Source code in tpot2/selectors/nsgaii.py
def crowding_distance(matrix):
    """
    Takes a matrix of scores and returns the crowding distance for each point.

    Parameters
    ----------
    matrix : np.ndarray
        The score matrix, where rows the individuals and the columns are the corresponds to scores on different objectives.

    Returns
    -------
    list
        A list of the crowding distances for each point in the score matrix.
    """
    matrix = np.array(matrix)
    # Initialize the crowding distance for each point to zero
    crowding_distances = [0 for _ in range(len(matrix))]

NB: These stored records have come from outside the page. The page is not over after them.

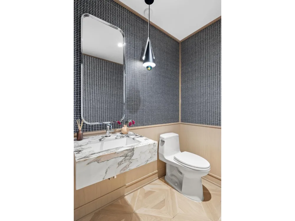 The light-filled master suite features an exquisite master bathroom styled with a custom Paris Forino-designed White Oak vanity with integrated double-sinks with fixtures in polished chrome. Honed marble countertops, Calacatta Eve walls, custom Bianco Real mosaic floors, and polished chrome rain showerhead with thermostatic control attribute to the exceptional comfort and relaxation. The secondary bathroom offers custom White Oak vanity and honed Bianco Carrara countertops, walls, and floors, surrounding a bathtub with polished chrome fixtures. The powder room features custom marble sink and polished chrome fixtures with a Toto toilet.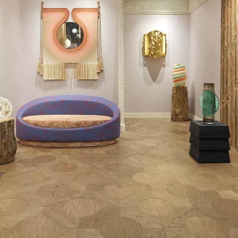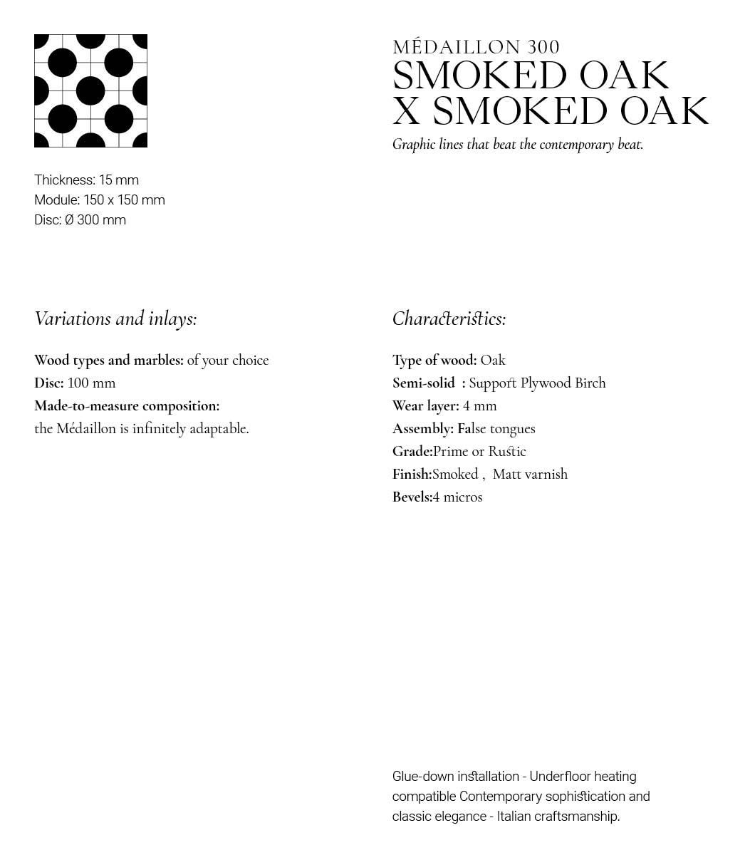 At the core of the collection is a customizable central circle, which can be adorned with a selection of woods, stones, or marble inlays. Explore the pairing of discs and Smoked Oak Wood Brown Fumé modules, designed to infuse your interiors with an atmosphere that strikes a balance between simplicity and grandeur. The 300 mm diameter disc offers the Dark Oak a unique canvas for expression, beautifully highlighting its natural grain.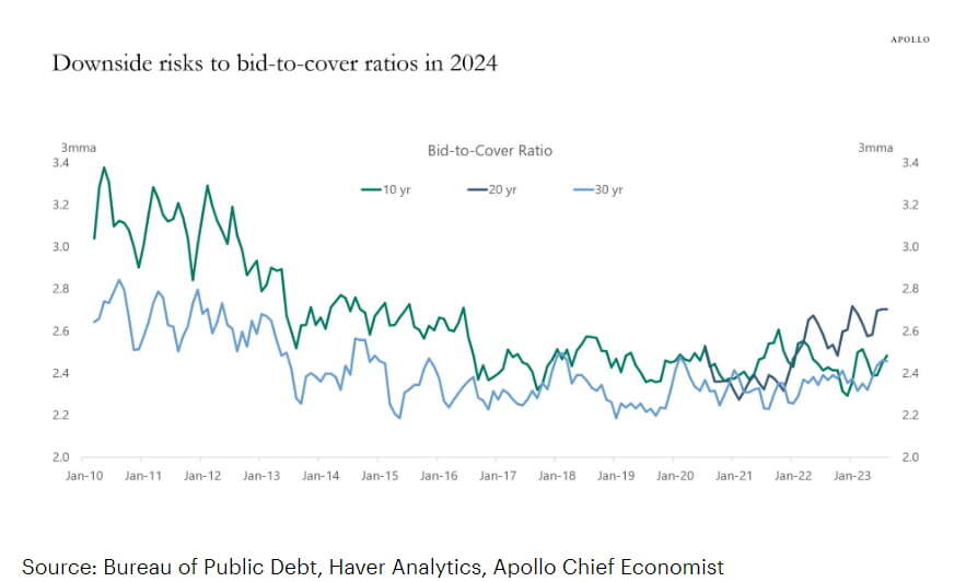 아폴로 글로벌 매니지먼트에 따르면 미 국채 입찰에서 응찰률(bid-to-cover ratio)은 수익률 곡선 전반에 걸쳐 국채에 대한 수요가 얼마나 되는지를 나타냅니다. 그런데 이런 응찰률이 낮아지고 있습니다. 특히 장기물에서 그런 현상이 나타납니다. 토스텐 슬록 이코노미스트는 "결론은 국채 공급이 계속해서 증가하고 있으며, 투자자들은 국채 수요 약세의 징후를 알아보기 위해 응찰률을 살펴봐야 한다는 것"이라고 말했습니다.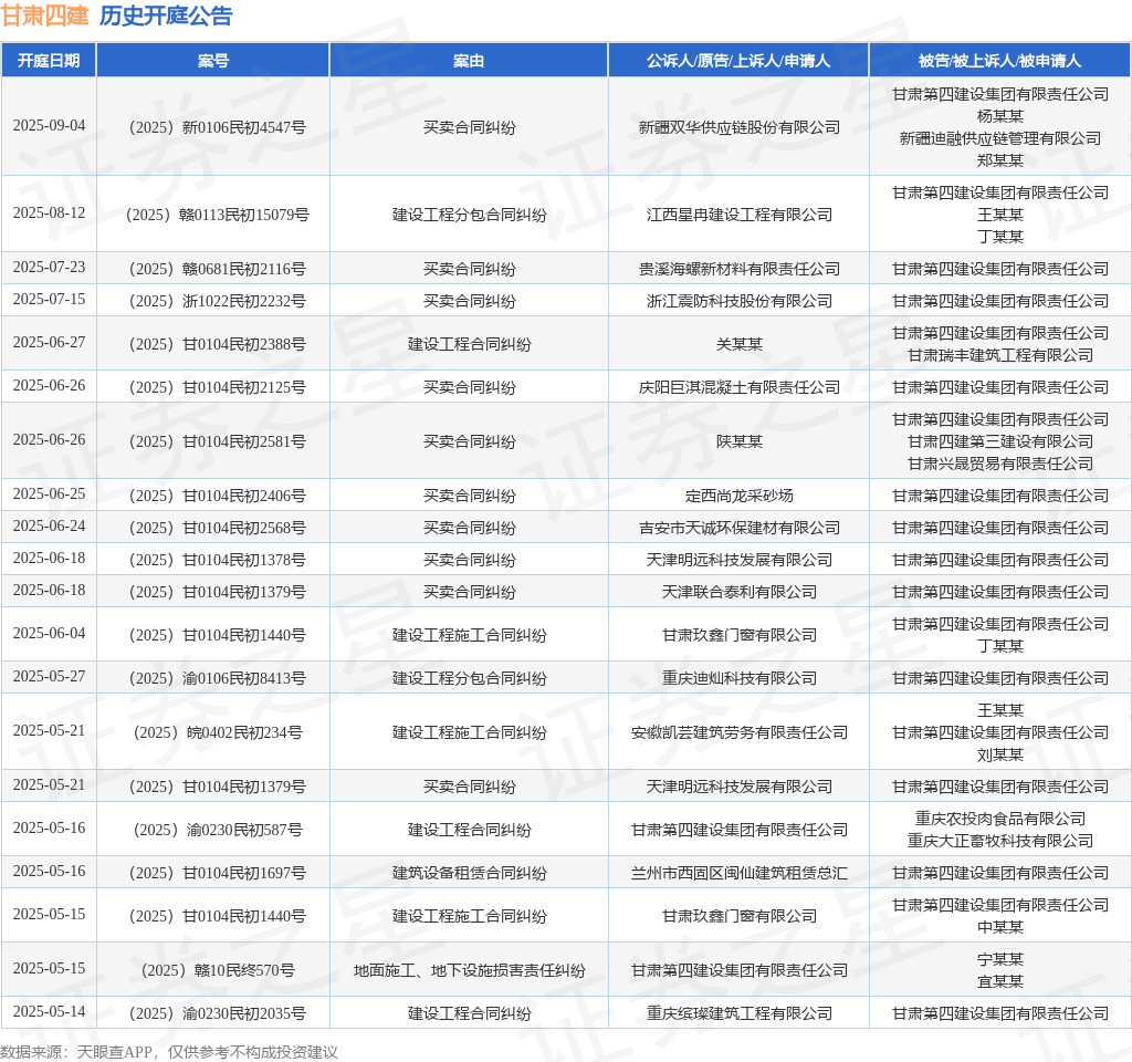 本站消息,根据天眼查APP显示,近日公布了一则甘肃第四建设集团有限责任公司作为被告/被上诉人的开庭公告,详细内容如下: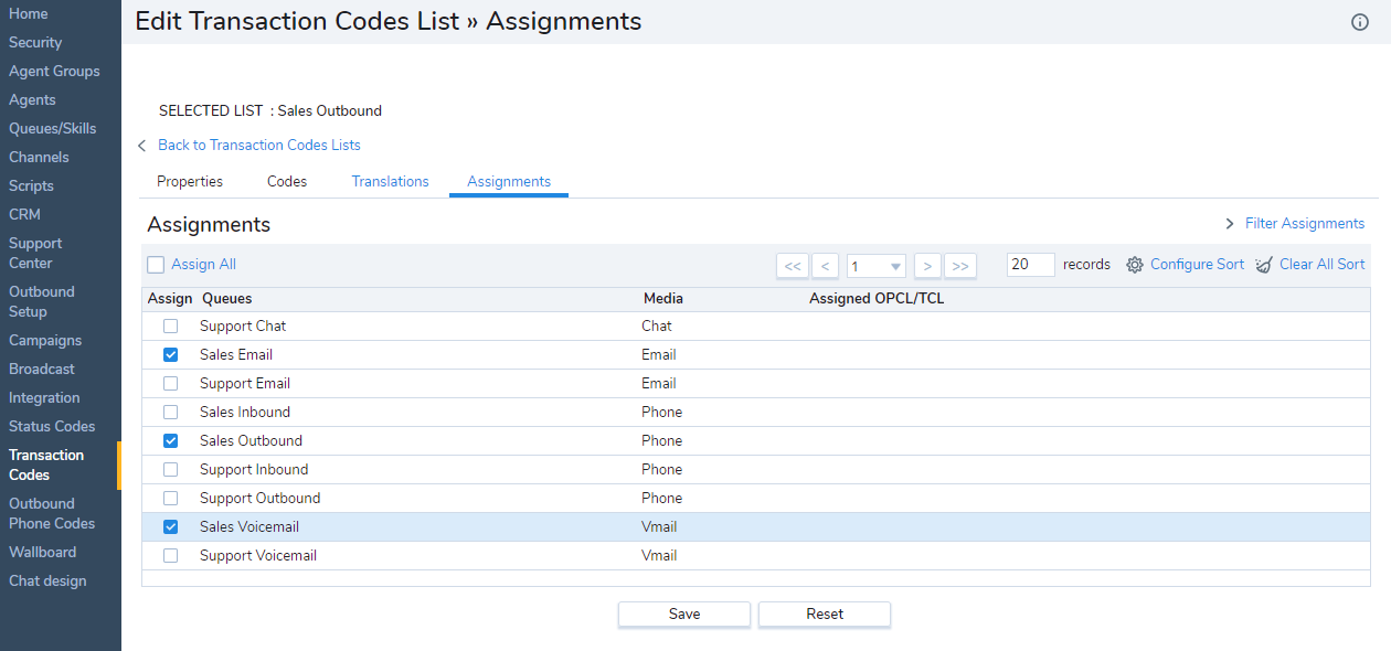 Cochez la case Tout affecter pour affecter tous les groupes ou toutes les files d’attente de la liste. - Cliquez sur Enregistrer pour terminer la définition de la liste de codes.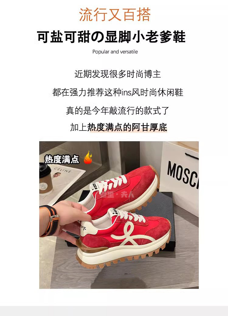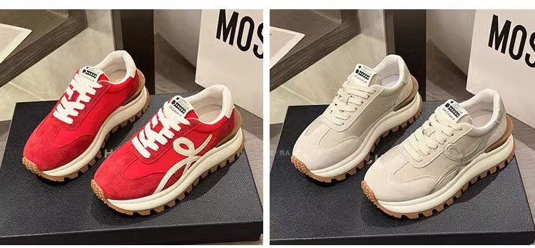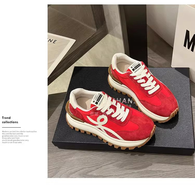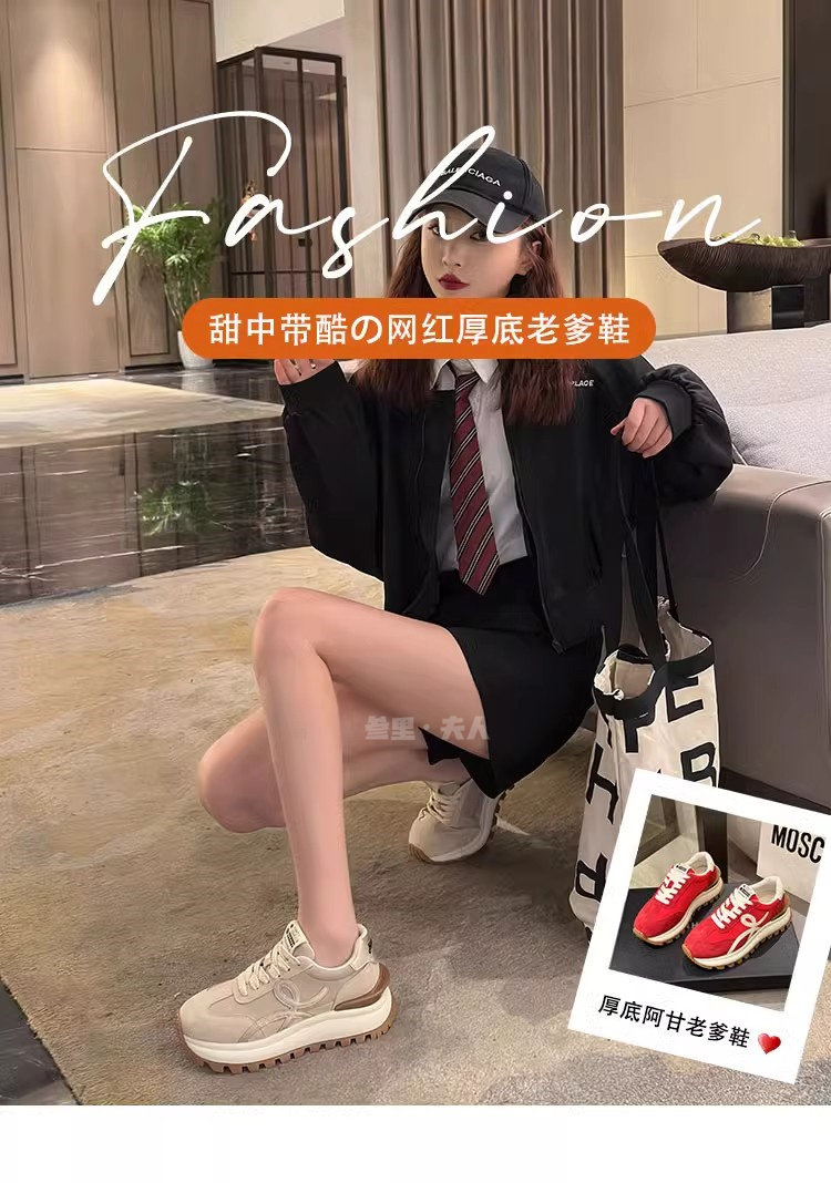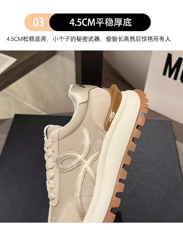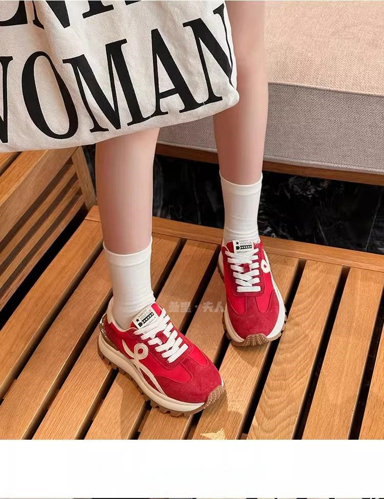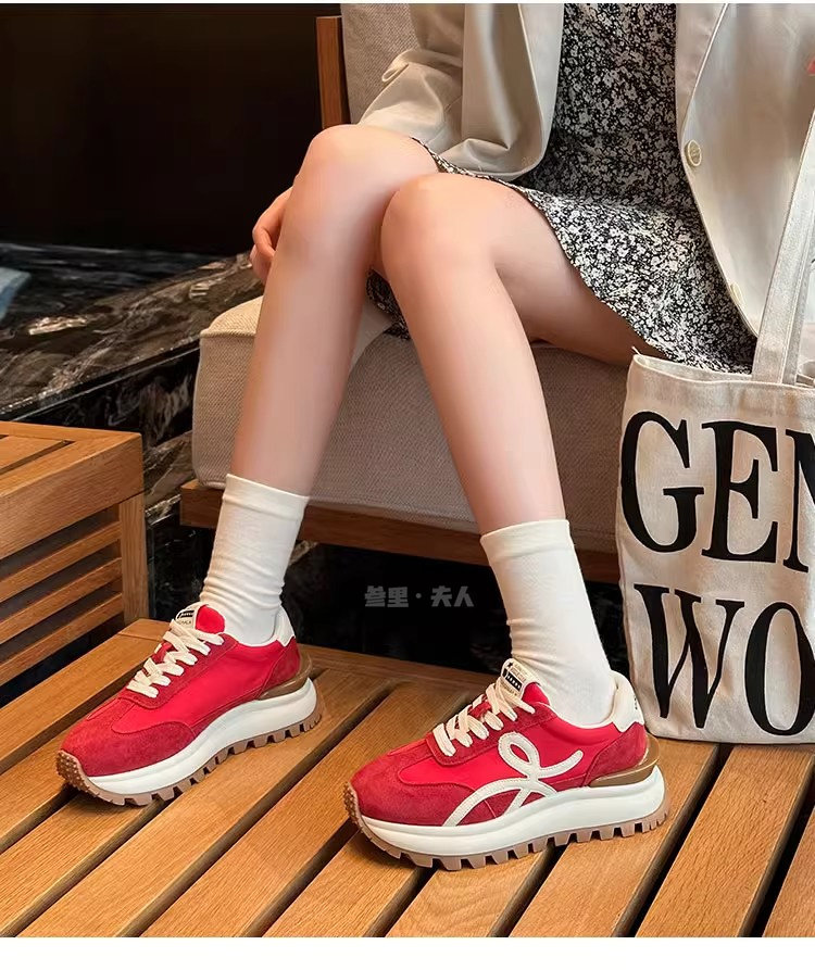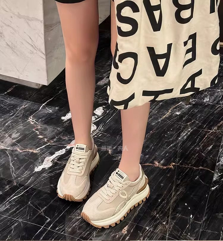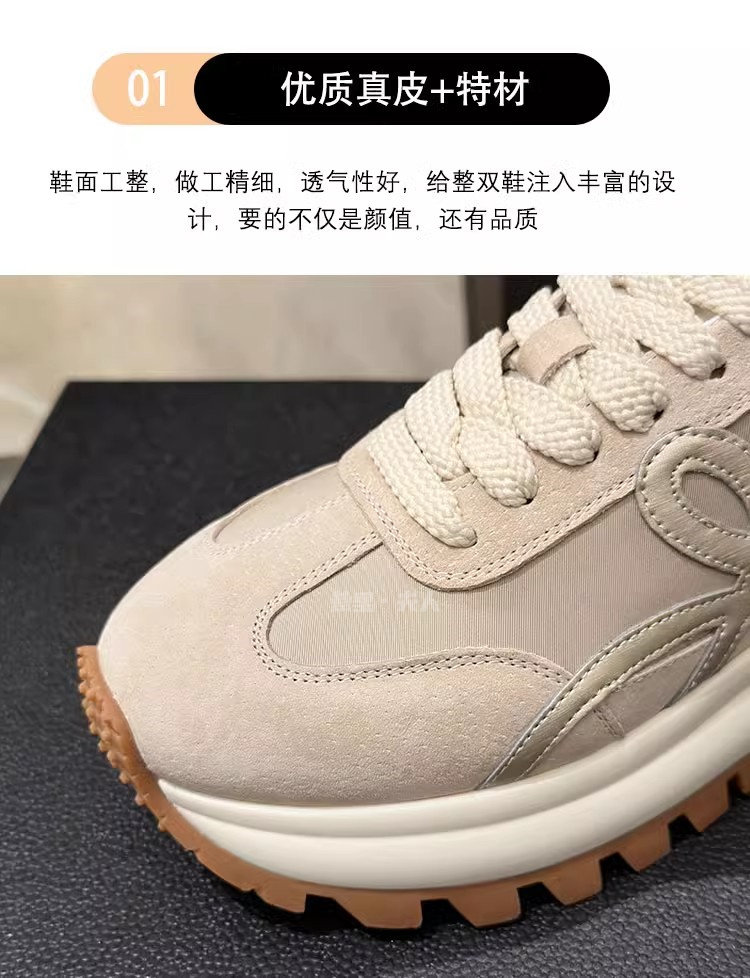Sanli Genuine Leather Waffle Sneakers for Women 2025 Spring and Autumn New Casual Thick-Soled Sports Shoes Round Toe Height-Increasing Dad Shoes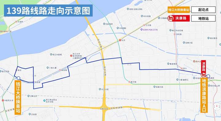 139路(地铁滨康路站A口-钱江大桥换乘站),地铁5号线开通后,该线原有的地铁接驳换乘功能下降,但早晚高峰期间仍有一定通勤客流,10点至16点间客流低迷。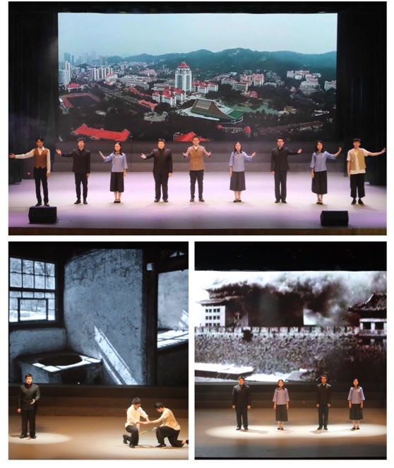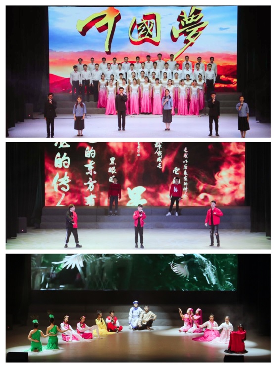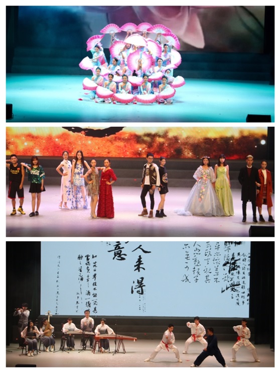 整台晚会,通过各个文艺团体学生原创、老师从策划到演出全程提供指导,保证学生的亲身参与的同时,充分融合优秀传统文化特色、歌颂主旋律、传播正能量,提升文艺作品的品位和格调。民乐队的《兰亭序》把太极、武术、民乐演奏、中国画等传统文化元素有机融合起来,学生在演绎过程中提升了文化自信;原创诗剧《亚南故事》,联合学院经济学专业老师一起参与策划指导的作品,较好的诠释了亚南精神,学生在排练、演出的过程中受益良多。

    # Iterate over each objective
    for objective_i in range(matrix.shape[1]):
        # Sort the points according to the current objective
        sorted_i = matrix[:, objective_i].argsort()

        # Set the crowding distance of the first and last points to infinity
        crowding_distances[sorted_i[0]] = float("inf")
        crowding_distances[sorted_i[-1]] = float("inf")

        if matrix[sorted_i[0]][objective_i] == matrix[sorted_i[-1]][objective_i]: # https://github.com/DEAP/deap/blob/f2a570567fa3dce156d7cfb0c50bc72f133258a1/deap/tools/emo.py#L135
            continue

        norm = matrix.shape[1] * float(matrix[sorted_i[0]][objective_i] - matrix[sorted_i[-1]][objective_i])
        for prev, cur, following in zip(sorted_i[:-2], sorted_i[1:-1], sorted_i[2:]):
            crowding_distances[cur] += (matrix[following][objective_i] - matrix[prev][objective_i]) / norm


    return crowding_distances

dominates(list1, list2)

returns true is all values in list1 are not strictly worse than list2 AND at least one item in list1 is better than list2

Parameters:

Name Type Description Default
list1 list

The first list of values to compare.

required
list2 list

The second list of values to compare.

required

Returns:

Type Description
bool

True if all values in list1 are not strictly worse than list2 AND at least one item in list1 is better than list2, False otherwise.

Source code in tpot2/selectors/nsgaii.py
def dominates(list1, list2):
    """
    returns true is all values in list1 are not strictly worse than list2 AND at least one item in list1 is better than list2

    Parameters
    ----------
    list1 : list
        The first list of values to compare.
    list2 : list
        The second list of values to compare.

    Returns
    -------
    bool
        True if all values in list1 are not strictly worse than list2 AND at least one item in list1 is better than list2, False otherwise.

    """
    return all(list1[i] >= list2[i] for i in range(len(list1))) and any(list1[i] > list2[i] for i in range(len(list1)))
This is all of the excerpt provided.